# First Carp On the Fly!



## dholmes (Jun 29, 2014)

Finally got one of these spooky guys to bite yesterday evening on a 'hoga trib. I can't stress enough how much fun it was to fight this 20+ inch fish, certainly an under appreciated sport fish! Now to find a willing FishOhio sized Golden Bonefish!


----------



## toobnoob (Jun 1, 2010)

dholmes said:


> Finally got one of these spooky guys to bite yesterday evening on a 'hoga trib. I can't stress enough how much fun it was to fight this 20+ inch fish, certainly an under appreciated sport fish! Now to find a willing FishOhio sized Golden Bonefish!

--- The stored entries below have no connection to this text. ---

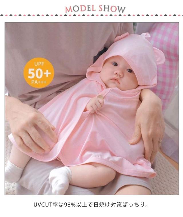 | さっと羽織るだけで紫外線対策ができる便利アイテム。 UVcut率は98%以上で日焼け対策ばっちり。 薄手なので夏の冷房対策やベビーの体温調節にもお使い頂けます。コンパクトに畳めて持ち歩きにも便利。 新生児は袖を通さずおくるみとして、マントとして活躍。 くま耳つきで見た目もかわいいマントは、ご自宅用にはもちろん出産祝いギフトにもおすすめ。 | |
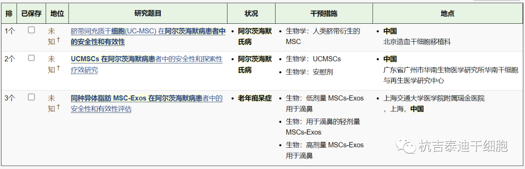 截止2023年4月,在美國(guó)國(guó)立衛(wèi)生研究院的最大臨床試驗(yàn)注冊(cè)庫(kù)clinicaltrials.gov網(wǎng)站上注冊(cè)的有關(guān)干細(xì)胞治療阿爾茨海默病的臨床研究項(xiàng)目有21項(xiàng)。
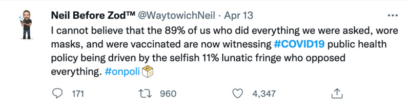 This is a Twitter update by WaytowichNeil. This user is ranting on what he calls the "selfish 11% lunatic fringe." To him, this fringe group is what is causing more problems with fighting COVID. In contrast, he says that 89% did everything they were asked. His frustration is coming from the belief that it is only the fringe deciding public health policy these days.
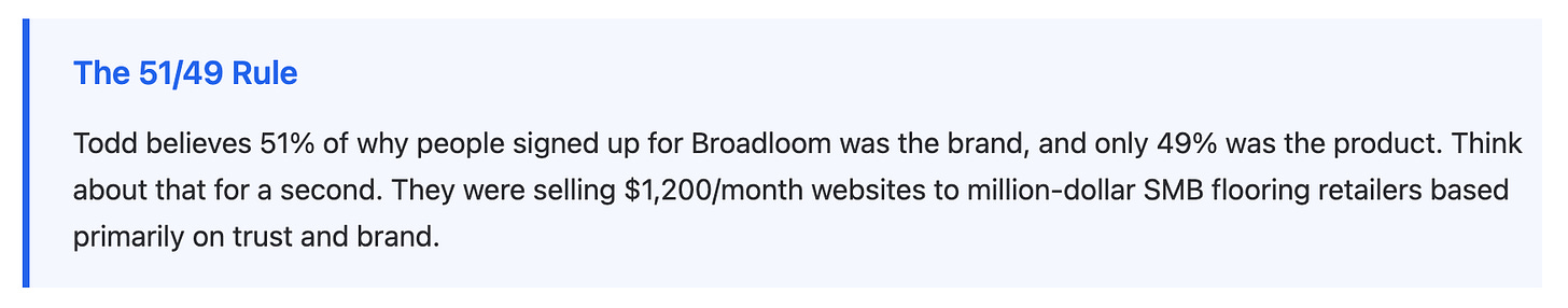 Todd estimates 51% of their appeal was brand, 49% was product. In vertical SaaS, being trusted matters more than being perfect.
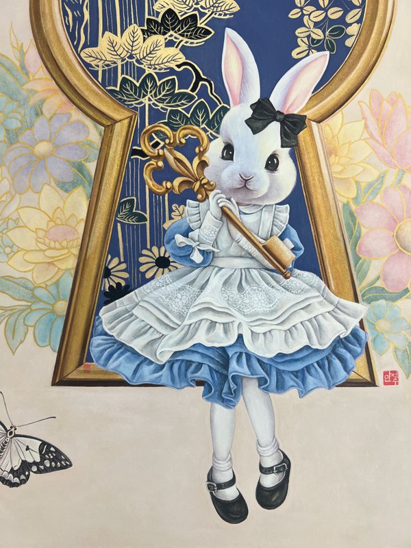 안선주 작가는 전통 민화를 현대적으로 재해석하며, 자신만의 독특한 상상력을 결합해 독창적인 작품 세계를 펼칩니다. 작가의 작품에는 동양과 서양, 전통과 현대라는 상반된 요소들이 조화를 이루며, 이질적이면서도 신선한 예술적 재미를 선사합니다. 특히 작가는 <이상한 나라의 앨리스>를 재해석하여, 더 이상 시계토끼를 기다리지 않는 주체적인 존재인 앨리스를 '앨리스 토끼'로 새롭게 탄생시켰습니다. 이는 스스로의 꿈을 찾아나서는 앨리스의 성장과 자아 발견의 여정을 상징합니다. 또한 책가도, 모란도 등 전통 민화를 현대 일러스트 감성으로 풀어내며, 안선주 작가만의 상상 속 세계를 구축합니다. 이처럼 만날 수 없는 것들의 만남을 통해 관람객에게 무엇이든 표현 가능한 예술의 즐거움을 전하고 있습니다. 지금, 일상에 지친 당신을 무한한 상상의 세계로 초대합니다. 안선주 작가의 작품 속으로, 함께 떠나보실래요?
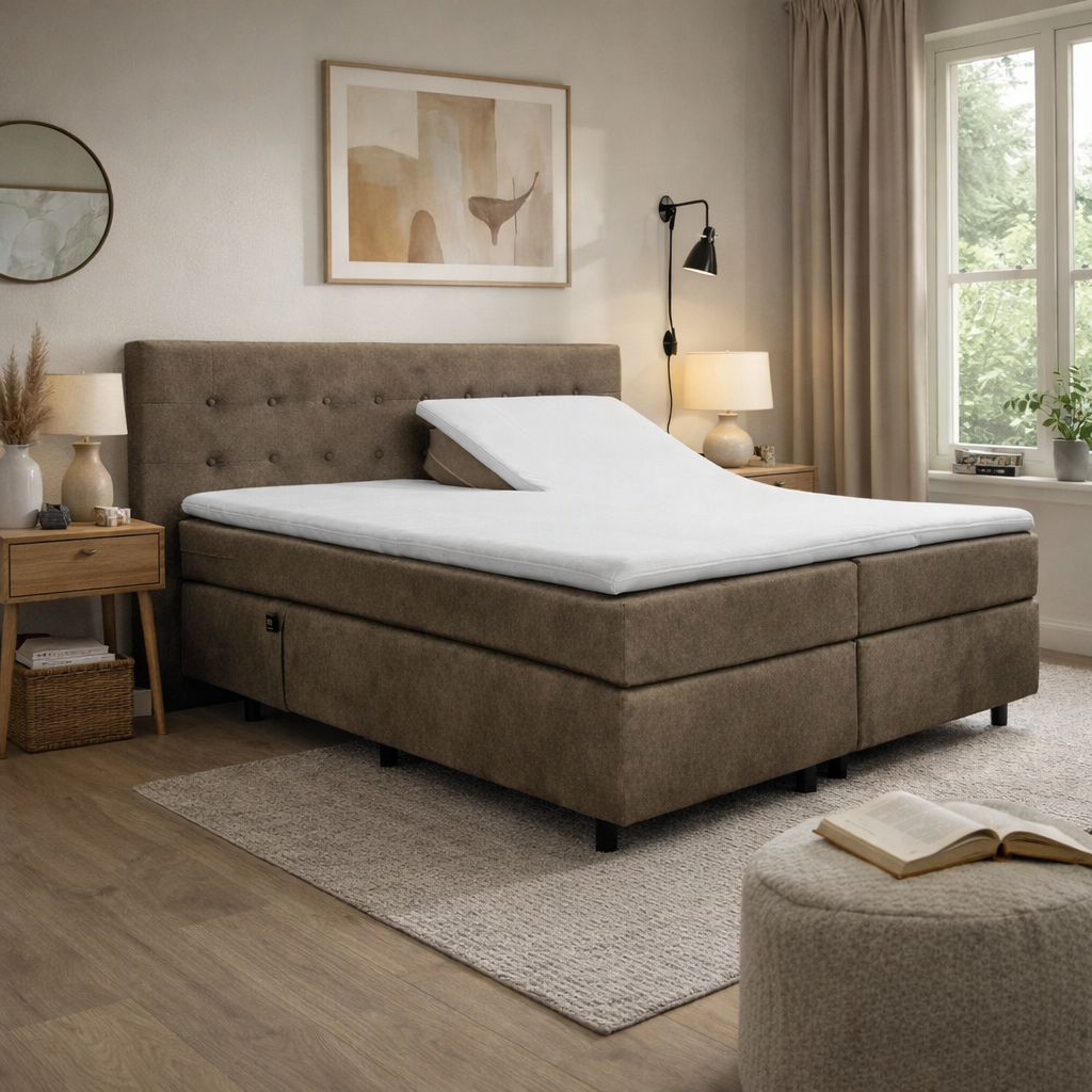 Bij ons draait het niet om één vast model, maar om jouw ideale boxspring. In de showroom zie je verschillende voorbeelden van elektrisch verstelbare uitvoeringen, allemaal van Nederlands fabricaat. Zo krijg je een goed beeld van wat wij kunnen maken. Aan de hand van die voorbeelden stellen we samen een boxspring samen die helemaal bij jou past: van het type onderbak tot het gewenste ligcomfort. Dankzij de elektrische verstelbaarheid bepaal je eenvoudig je ideale houding om te lezen, ontspannen of slapen.

Congrats! the first one is always the hardest. Love the fight in these big boys.


----------



## Indybio72 (Nov 6, 2013)

dholmes said:


> Finally got one of these spooky guys to bite yesterday evening on a 'hoga trib. I can't stress enough how much fun it was to fight this 20+ inch fish, certainly an under appreciated sport fish! Now to find a willing FishOhio sized Golden Bonefish!


Congrats! Nice catch.


----------



## kritterkare (Jul 30, 2014)

Yep a great fish to catch and the more you get to know them the more you can identify times when they are catchable.


----------



## meathelmet (Aug 4, 2008)

Awesome! I caught 4 my first time out and then nothing for the next 4 months! They fun and hard to catch.......


----------



## garhtr (Jan 12, 2009)

Awesome Catch ! They are a lot of fun and always a Challenge to catch, Congrats on your first one ! {Nice picture also} What fly did you get him on ?


----------



## dholmes (Jun 29, 2014)

Got him on a San Juan Worm pattern 


Sent from my iPhone using Ohub Campfire


----------



## ejsell (May 3, 2012)

Congrats on the catch


----------



## FishDude (May 15, 2014)

Congratulations


----------